Не стану скрывать, что и элемент фрейдовского психоаналитического метода – катарсиса присутствует в этой идее: выплескивая на бумагу свои воспоминания, страхи, переживания и сострадание к себе подобным, попробовать добиться очищения духа и, таким образом, решить чисто терапевтическую задачу. А вдруг, это, кроме кого-то другого, и мне самому поможет?...
Но вернемся к тому периоду, на котором заканчивалась первая часть повести, когда в неведомой портняжной мастерской фасон белого пиджака был уже окончательно определен.
Скитания по квартирам студента, изгнанного из общежития, никак не назовешь трагедией, это обычное будничное, житейское явление, даже интересное с какой-то стороны. Но лишение членства во Всесоюзном Ленинском Коммунистическом Союзе Молодежи делало меня в некоторой степени изгоем, и поначалу тяготило. По крайней мере, мне так первое время казалось. Потом мне стало – плюнуть и растереть!
Я сменил множество мест. Проживал на случайных съемных квартирах; у друзей; у подруг, но, как только с их стороны появлялись первые симптомы посягательства на мою свободу и независимость, я мигом бесследно испарялся. Жил у родственников по материнской линии в районе Трусово на другой стороне Волги, носящем имя революционера, чья фамилия почему-то очень ассоциировалась у меня с нижней деталью мужского исподнего белья; на улице имени руководителя восстания рабов в Древнем Риме; и, наконец, в районе со странным названием Криуши. Этимология этого слова мне неизвестна. Не знаю, у кого там были кривые уши, но дома в этом месте стояли в основном деревянные, покосившиеся, вросшие в солончаковую землю, с кирпичными цоколями, покрытыми и разъеденными рапой. Такое прекрасное захолустье, что даже кинорежиссер Леонид Гайдай, выбирая место для съемок очередного фильма из жизни занюханного уездного российского городка, остановил свой выбор именно на нем.

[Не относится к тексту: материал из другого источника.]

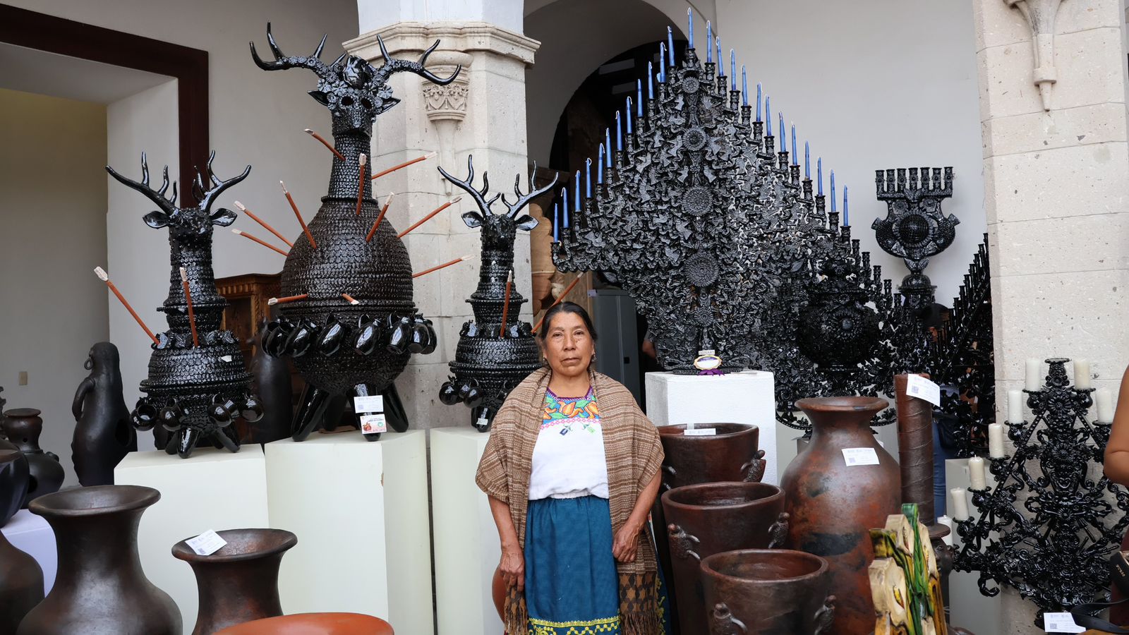 Uruapan, Michoacán, 27 de marzo de 2024.- La maestra artesana Esperanza Ceja Ramos, de la localidad de Santa Fe de la Laguna, en el municipio de Quiroga, ganó el galardón Victoriano Salgado Morales, en la rama de alfarería vidriada sin plomo con un candelabro de 25 velas en el LXIII Concurso Estatal de Artesanías con motivo del Domingo de Ramos en Uruapan.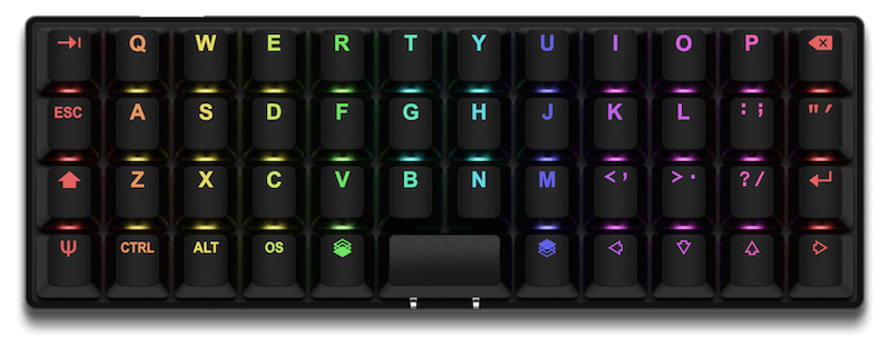 The key layout is ortholinear - the more I tried to improve my typing, the more the conventional "staggered" layout annoyed me. Also, you can just swap out the keyswitches for a different set if you want. And also, it has individual backlighting for each key, which can be used as a mnemonic for the active keys in each layer. (Seriously, the image below makes it look like a gimmick but it doesn't have to be used that way.)

Благодатная натура оказалась, ничего не скажешь!
Несмотря на обманчивое внешнее убожество, зайдя внутрь иной кособокой деревянной лачуги в два этажа по скрипящей лестнице с отвалившимися от времени перилами и проваливающимися ступенями, вы могли быть поражены открывшимся перед вашим взором роскошным внутренним убранством, полным набором советской мечты о материальном счастье: богатыми огромными коврами, которые не висели разве что только на потолках; замечательными чехословацкими люстрами; коллекционным фарфором и хрусталем, в тонких гранях которого проскальзывали искры-всполохи – родные сестры звезд Эльдорадо; многочисленными корешками, желательно, чтобы в тон обоев, дефицитных, и поэтому особо престижных книг, страницы которых никем и никогда, похоже, не перелистывались.